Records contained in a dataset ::
*-*-*

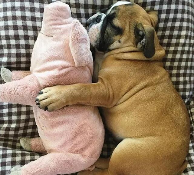 这条犬搂着粉色小猪睡觉,恐怕被别人抢走?
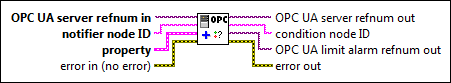 OPC UA limit alarm refnum out returns the reference to the OPC UA limit alarm condition. | ||||||||||||||||||||||||||
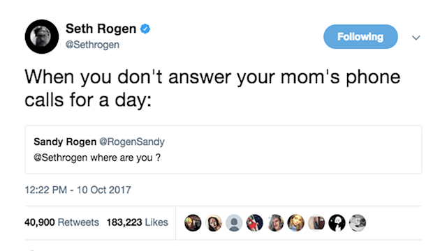Seth Rogen shared his mom’s tweet the next day with a simple “when you don’t answer your mom’s phone calls for a day.” We feel you, Seth. And so did Twitter.
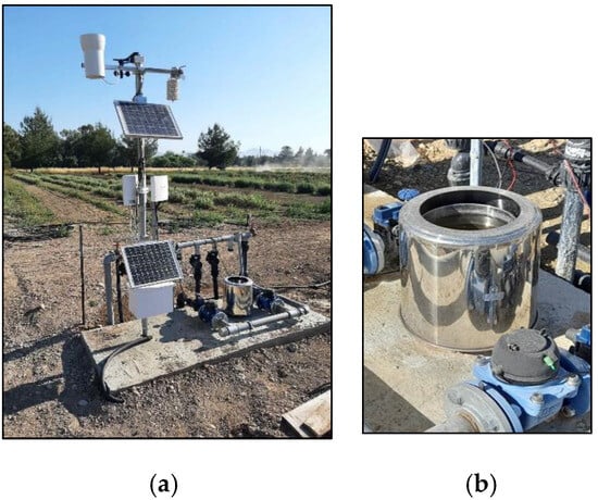 A telemetric weather station (a) and a reduced-size 20 cm diameter pan evaporimeter (b).
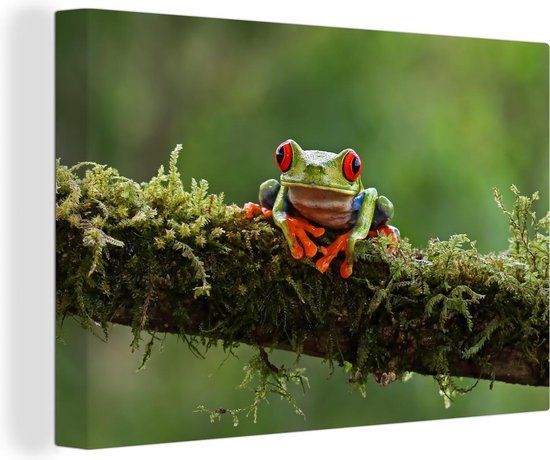 Grenouille d'arbre aux yeux rouges sur toile de branche couverte 2cm 150x100 cm - Impression photo sur toile (Décoration murale salon / chambre) / Peintures sur toile animaux sauvages
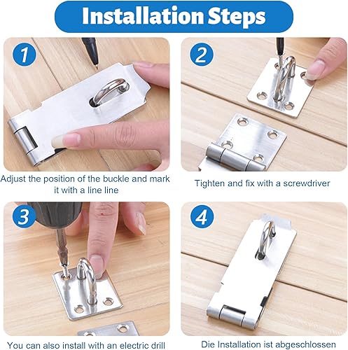 Lucchetto Haspe da 5 pollici, in acciaio inox 304, serratura di sicurezza, con viti, lucchetto per lucchetto, armadi, cancelli (L×W=137×39mm)

*-*-*

To do :: Starting from the first line of the entries above, print each line exactly until the line containing "Grenouille d'arbre aux" has been printed, and skip the pictures.

Expected output ::
 这条犬搂着粉色小猪睡觉,恐怕被别人抢走?
 OPC UA limit alarm refnum out returns the reference to the OPC UA limit alarm condition. | ||||||||||||||||||||||||||
Seth Rogen shared his mom’s tweet the next day with a simple “when you don’t answer your mom’s phone calls for a day.” We feel you, Seth. And so did Twitter.
 A telemetric weather station (a) and a reduced-size 20 cm diameter pan evaporimeter (b).
 Grenouille d'arbre aux yeux rouges sur toile de branche couverte 2cm 150x100 cm - Impression photo sur toile (Décoration murale salon / chambre) / Peintures sur toile animaux sauvages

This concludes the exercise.